* EXERCISE OBJECTIVE *
For the entries below, the expected answer is the line with "אוהד קדוסי המצוין", the line with "We conducted in-depth", and every line between them, exactly as written, and nothing more.

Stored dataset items
※
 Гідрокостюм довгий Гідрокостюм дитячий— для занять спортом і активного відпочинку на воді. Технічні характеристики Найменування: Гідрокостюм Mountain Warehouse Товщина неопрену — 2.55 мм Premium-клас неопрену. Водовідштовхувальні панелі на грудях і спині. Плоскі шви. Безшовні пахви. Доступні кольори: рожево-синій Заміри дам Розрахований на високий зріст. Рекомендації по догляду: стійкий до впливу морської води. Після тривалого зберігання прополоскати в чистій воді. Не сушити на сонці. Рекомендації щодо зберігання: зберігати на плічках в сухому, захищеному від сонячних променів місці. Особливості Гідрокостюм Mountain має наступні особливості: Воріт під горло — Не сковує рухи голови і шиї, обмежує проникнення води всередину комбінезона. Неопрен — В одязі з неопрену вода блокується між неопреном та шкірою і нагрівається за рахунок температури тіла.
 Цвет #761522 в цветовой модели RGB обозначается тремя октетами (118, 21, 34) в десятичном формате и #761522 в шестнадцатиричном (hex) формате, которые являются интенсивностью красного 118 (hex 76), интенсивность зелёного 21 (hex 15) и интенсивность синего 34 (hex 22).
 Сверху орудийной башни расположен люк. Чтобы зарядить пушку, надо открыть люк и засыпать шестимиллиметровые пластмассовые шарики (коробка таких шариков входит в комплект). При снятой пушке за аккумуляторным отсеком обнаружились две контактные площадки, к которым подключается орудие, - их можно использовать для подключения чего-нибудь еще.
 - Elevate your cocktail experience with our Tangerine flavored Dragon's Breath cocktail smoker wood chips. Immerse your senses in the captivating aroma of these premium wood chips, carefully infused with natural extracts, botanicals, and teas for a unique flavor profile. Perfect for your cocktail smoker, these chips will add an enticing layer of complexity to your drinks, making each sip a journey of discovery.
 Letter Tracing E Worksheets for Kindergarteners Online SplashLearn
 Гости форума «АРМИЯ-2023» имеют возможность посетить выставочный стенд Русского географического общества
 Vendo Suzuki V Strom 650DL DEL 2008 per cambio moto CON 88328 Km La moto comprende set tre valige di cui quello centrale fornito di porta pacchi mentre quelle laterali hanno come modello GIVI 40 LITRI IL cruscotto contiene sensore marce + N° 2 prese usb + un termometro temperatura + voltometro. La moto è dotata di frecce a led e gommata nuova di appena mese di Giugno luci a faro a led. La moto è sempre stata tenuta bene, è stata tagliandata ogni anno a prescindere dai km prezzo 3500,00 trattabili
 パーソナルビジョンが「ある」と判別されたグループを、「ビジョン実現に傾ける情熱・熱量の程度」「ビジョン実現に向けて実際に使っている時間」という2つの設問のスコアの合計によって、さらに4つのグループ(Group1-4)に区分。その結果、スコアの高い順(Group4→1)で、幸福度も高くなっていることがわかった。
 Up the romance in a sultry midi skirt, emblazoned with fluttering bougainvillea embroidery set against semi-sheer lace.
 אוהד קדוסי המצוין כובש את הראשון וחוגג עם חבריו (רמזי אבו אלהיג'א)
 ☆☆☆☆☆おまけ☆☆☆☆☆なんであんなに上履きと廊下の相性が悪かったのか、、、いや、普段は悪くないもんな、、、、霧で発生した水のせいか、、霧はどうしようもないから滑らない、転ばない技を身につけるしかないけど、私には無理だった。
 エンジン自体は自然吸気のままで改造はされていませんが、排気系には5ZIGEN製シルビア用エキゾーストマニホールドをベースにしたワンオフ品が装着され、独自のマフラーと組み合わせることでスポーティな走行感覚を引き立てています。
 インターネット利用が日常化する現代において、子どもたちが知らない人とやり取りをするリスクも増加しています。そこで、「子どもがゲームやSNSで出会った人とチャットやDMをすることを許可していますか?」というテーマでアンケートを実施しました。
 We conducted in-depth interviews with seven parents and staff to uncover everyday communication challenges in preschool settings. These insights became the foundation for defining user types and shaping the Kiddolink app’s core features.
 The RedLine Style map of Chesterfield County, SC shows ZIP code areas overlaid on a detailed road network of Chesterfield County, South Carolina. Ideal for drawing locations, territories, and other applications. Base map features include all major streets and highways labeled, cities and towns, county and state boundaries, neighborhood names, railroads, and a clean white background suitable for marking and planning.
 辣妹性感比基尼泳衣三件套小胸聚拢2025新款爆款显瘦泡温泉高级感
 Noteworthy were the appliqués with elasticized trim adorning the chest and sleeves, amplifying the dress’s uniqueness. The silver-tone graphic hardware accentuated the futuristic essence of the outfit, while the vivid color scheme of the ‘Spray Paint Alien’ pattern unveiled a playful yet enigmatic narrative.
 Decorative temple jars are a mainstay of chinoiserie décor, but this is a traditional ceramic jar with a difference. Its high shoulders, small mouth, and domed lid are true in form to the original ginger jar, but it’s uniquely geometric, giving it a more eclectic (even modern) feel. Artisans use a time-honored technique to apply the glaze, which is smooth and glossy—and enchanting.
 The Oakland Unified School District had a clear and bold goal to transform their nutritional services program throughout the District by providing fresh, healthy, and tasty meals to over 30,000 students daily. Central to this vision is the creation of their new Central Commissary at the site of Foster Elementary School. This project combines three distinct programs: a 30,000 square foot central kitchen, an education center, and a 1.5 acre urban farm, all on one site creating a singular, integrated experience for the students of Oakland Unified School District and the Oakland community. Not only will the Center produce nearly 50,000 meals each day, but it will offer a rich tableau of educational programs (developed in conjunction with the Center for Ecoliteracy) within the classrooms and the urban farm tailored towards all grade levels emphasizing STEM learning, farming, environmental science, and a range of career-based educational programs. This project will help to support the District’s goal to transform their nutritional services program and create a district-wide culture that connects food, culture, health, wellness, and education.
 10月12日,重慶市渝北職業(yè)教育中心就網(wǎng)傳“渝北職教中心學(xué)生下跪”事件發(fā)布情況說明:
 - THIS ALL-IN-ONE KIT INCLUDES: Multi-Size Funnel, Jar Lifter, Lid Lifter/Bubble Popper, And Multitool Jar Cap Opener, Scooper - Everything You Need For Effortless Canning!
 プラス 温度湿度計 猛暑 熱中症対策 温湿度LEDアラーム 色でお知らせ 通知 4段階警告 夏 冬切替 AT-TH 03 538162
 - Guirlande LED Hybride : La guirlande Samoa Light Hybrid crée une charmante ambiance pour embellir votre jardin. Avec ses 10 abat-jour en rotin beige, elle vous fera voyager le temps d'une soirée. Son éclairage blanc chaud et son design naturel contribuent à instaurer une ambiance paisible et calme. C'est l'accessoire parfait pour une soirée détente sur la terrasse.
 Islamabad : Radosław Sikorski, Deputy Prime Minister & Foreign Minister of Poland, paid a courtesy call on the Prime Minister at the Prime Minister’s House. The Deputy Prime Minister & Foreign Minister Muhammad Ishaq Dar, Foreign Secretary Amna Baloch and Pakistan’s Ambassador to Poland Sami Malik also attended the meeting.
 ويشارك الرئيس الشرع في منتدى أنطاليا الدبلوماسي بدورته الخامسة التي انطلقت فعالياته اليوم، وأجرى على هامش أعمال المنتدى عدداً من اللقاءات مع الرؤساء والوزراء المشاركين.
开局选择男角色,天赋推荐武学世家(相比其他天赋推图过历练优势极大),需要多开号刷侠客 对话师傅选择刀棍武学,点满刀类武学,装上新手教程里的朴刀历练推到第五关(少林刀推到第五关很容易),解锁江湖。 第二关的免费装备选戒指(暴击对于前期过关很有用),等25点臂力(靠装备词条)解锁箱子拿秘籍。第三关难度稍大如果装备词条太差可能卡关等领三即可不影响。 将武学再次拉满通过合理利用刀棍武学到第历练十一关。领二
※
* RESPONSE *
 אוהד קדוסי המצוין כובש את הראשון וחוגג עם חבריו (רמזי אבו אלהיג'א)
 ☆☆☆☆☆おまけ☆☆☆☆☆なんであんなに上履きと廊下の相性が悪かったのか、、、いや、普段は悪くないもんな、、、、霧で発生した水のせいか、、霧はどうしようもないから滑らない、転ばない技を身につけるしかないけど、私には無理だった。
 エンジン自体は自然吸気のままで改造はされていませんが、排気系には5ZIGEN製シルビア用エキゾーストマニホールドをベースにしたワンオフ品が装着され、独自のマフラーと組み合わせることでスポーティな走行感覚を引き立てています。
 インターネット利用が日常化する現代において、子どもたちが知らない人とやり取りをするリスクも増加しています。そこで、「子どもがゲームやSNSで出会った人とチャットやDMをすることを許可していますか?」というテーマでアンケートを実施しました。
 We conducted in-depth interviews with seven parents and staff to uncover everyday communication challenges in preschool settings. These insights became the foundation for defining user types and shaping the Kiddolink app’s core features.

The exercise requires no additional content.